The records are to be copied from the line that contains "- Набір містить: двосторонній" through their last line, word for word, with every picture left out.

▶ [Input]

*** Begin section ***

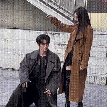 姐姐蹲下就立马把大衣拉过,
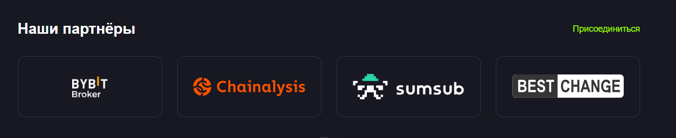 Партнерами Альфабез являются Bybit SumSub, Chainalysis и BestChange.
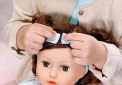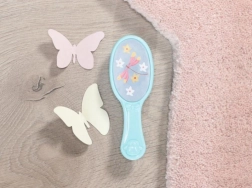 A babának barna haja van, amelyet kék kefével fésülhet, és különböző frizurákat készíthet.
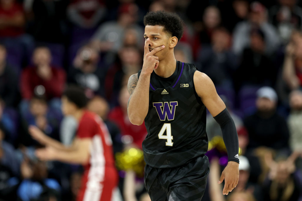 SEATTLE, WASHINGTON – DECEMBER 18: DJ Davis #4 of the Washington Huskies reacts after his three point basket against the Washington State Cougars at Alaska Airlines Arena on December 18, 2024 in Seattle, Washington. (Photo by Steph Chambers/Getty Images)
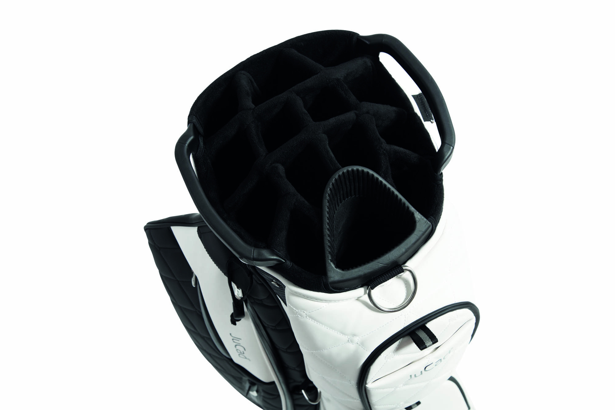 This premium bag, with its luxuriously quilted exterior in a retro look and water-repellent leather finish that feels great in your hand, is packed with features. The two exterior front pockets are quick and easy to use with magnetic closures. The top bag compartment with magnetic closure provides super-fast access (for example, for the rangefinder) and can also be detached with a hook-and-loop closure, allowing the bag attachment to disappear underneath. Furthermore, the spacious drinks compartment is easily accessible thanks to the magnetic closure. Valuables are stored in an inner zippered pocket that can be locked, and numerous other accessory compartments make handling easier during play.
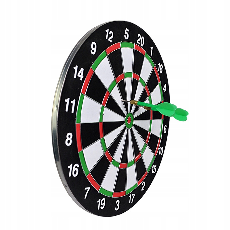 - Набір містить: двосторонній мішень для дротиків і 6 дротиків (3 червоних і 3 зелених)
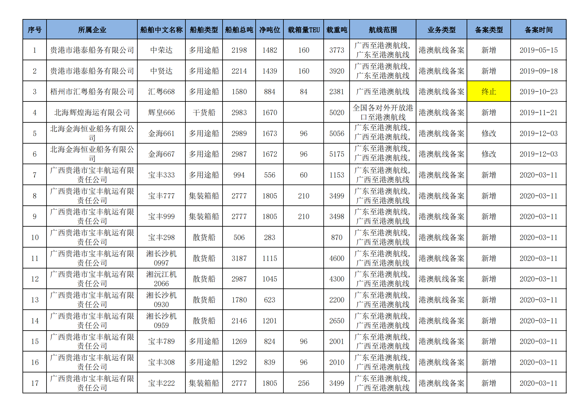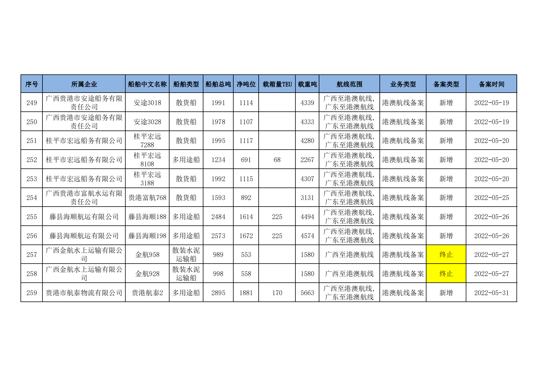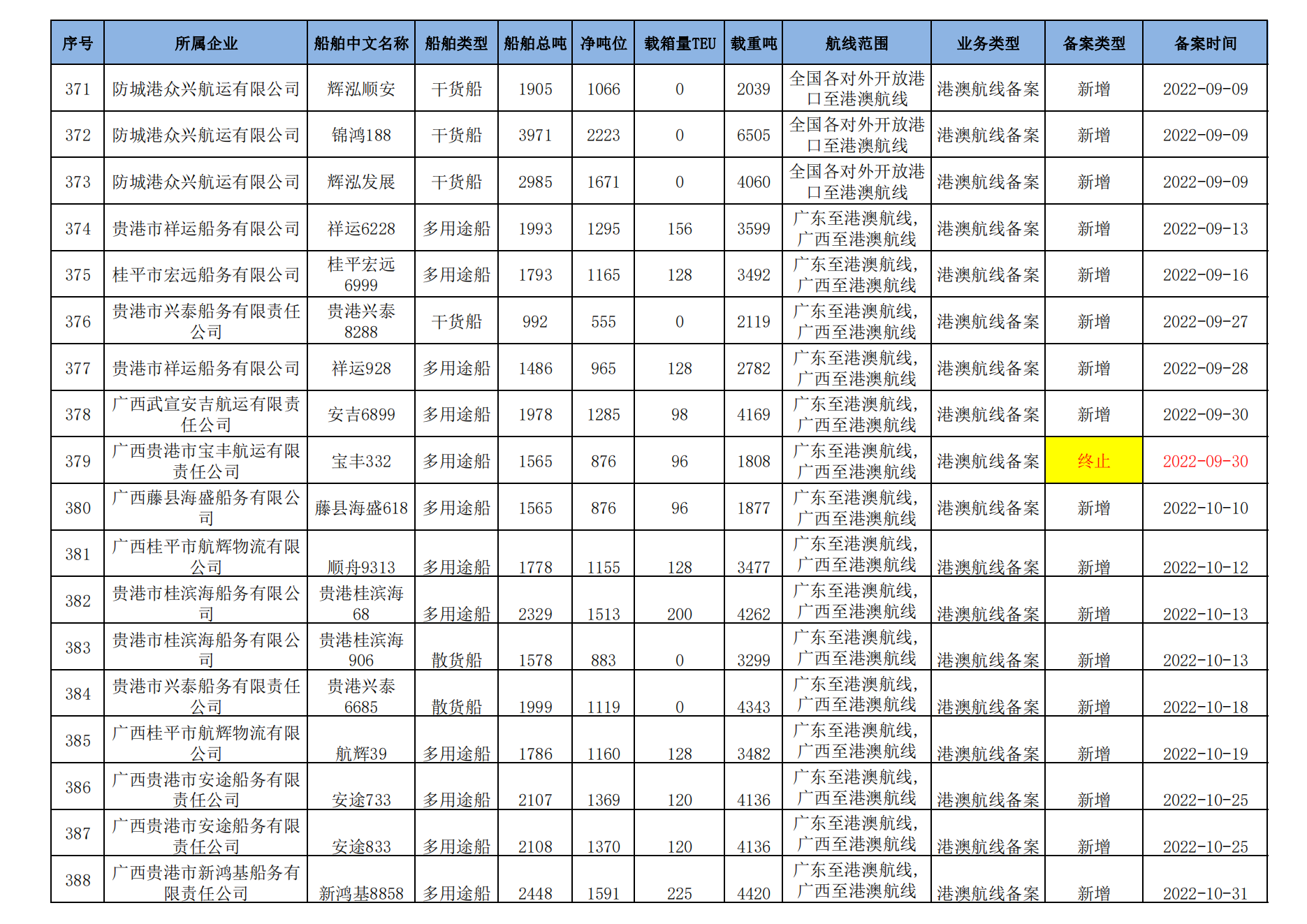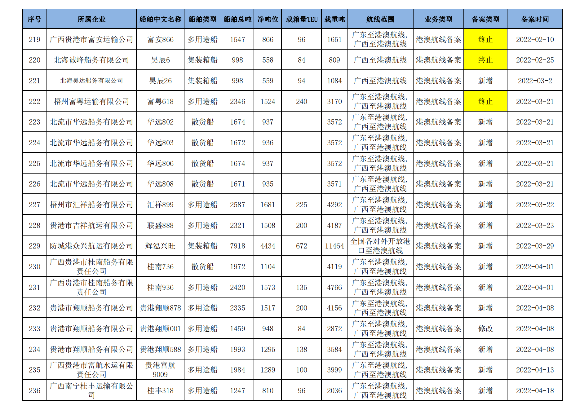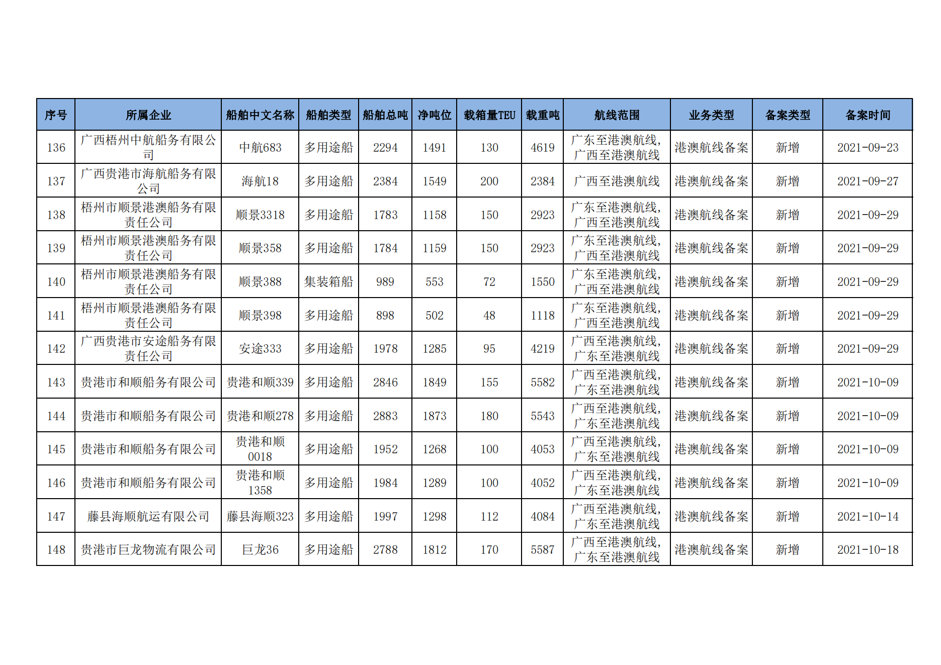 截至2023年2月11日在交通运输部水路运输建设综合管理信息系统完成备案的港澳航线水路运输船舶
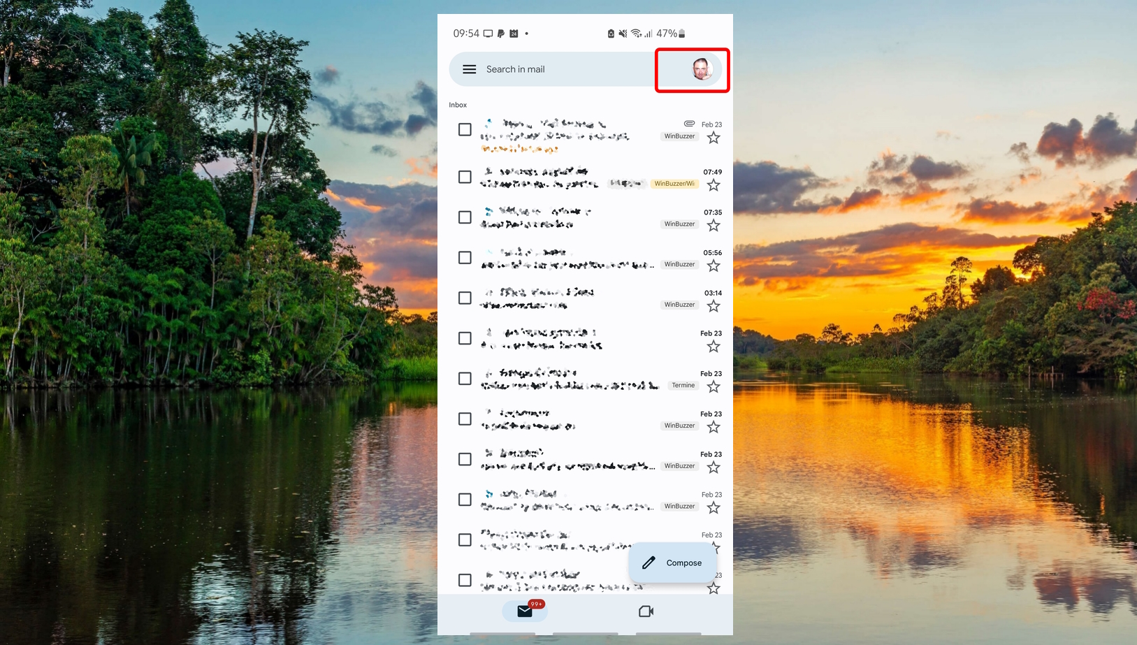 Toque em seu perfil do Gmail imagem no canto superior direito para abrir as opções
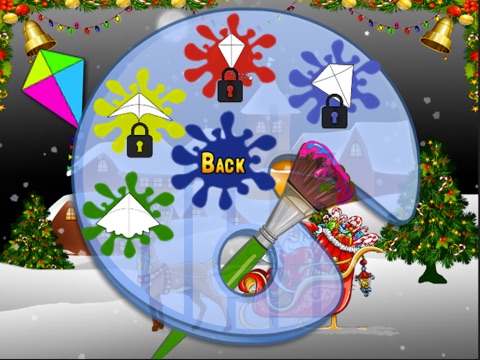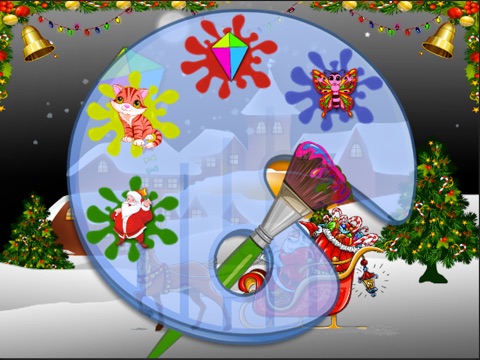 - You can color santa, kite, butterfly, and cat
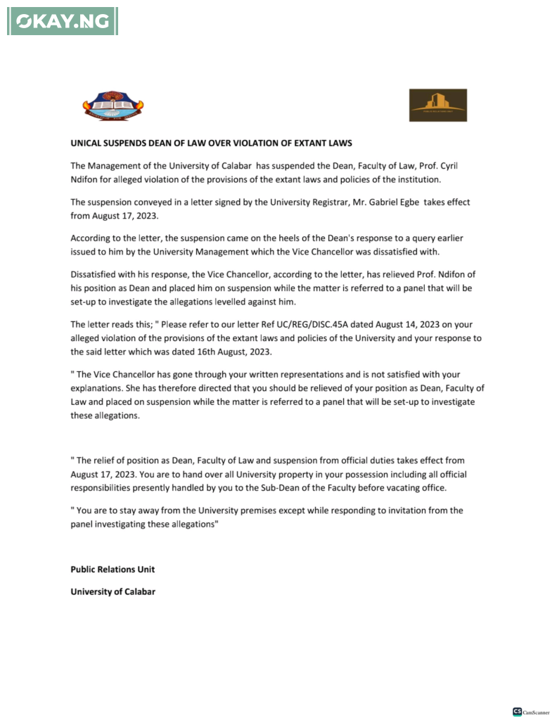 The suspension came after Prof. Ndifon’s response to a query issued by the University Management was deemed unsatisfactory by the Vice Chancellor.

*** End section ***

▶ [Written reply]
 - Набір містить: двосторонній мішень для дротиків і 6 дротиків (3 червоних і 3 зелених)
 截至2023年2月11日在交通运输部水路运输建设综合管理信息系统完成备案的港澳航线水路运输船舶
 Toque em seu perfil do Gmail imagem no canto superior direito para abrir as opções
 - You can color santa, kite, butterfly, and cat
 The suspension came after Prof. Ndifon’s response to a query issued by the University Management was deemed unsatisfactory by the Vice Chancellor.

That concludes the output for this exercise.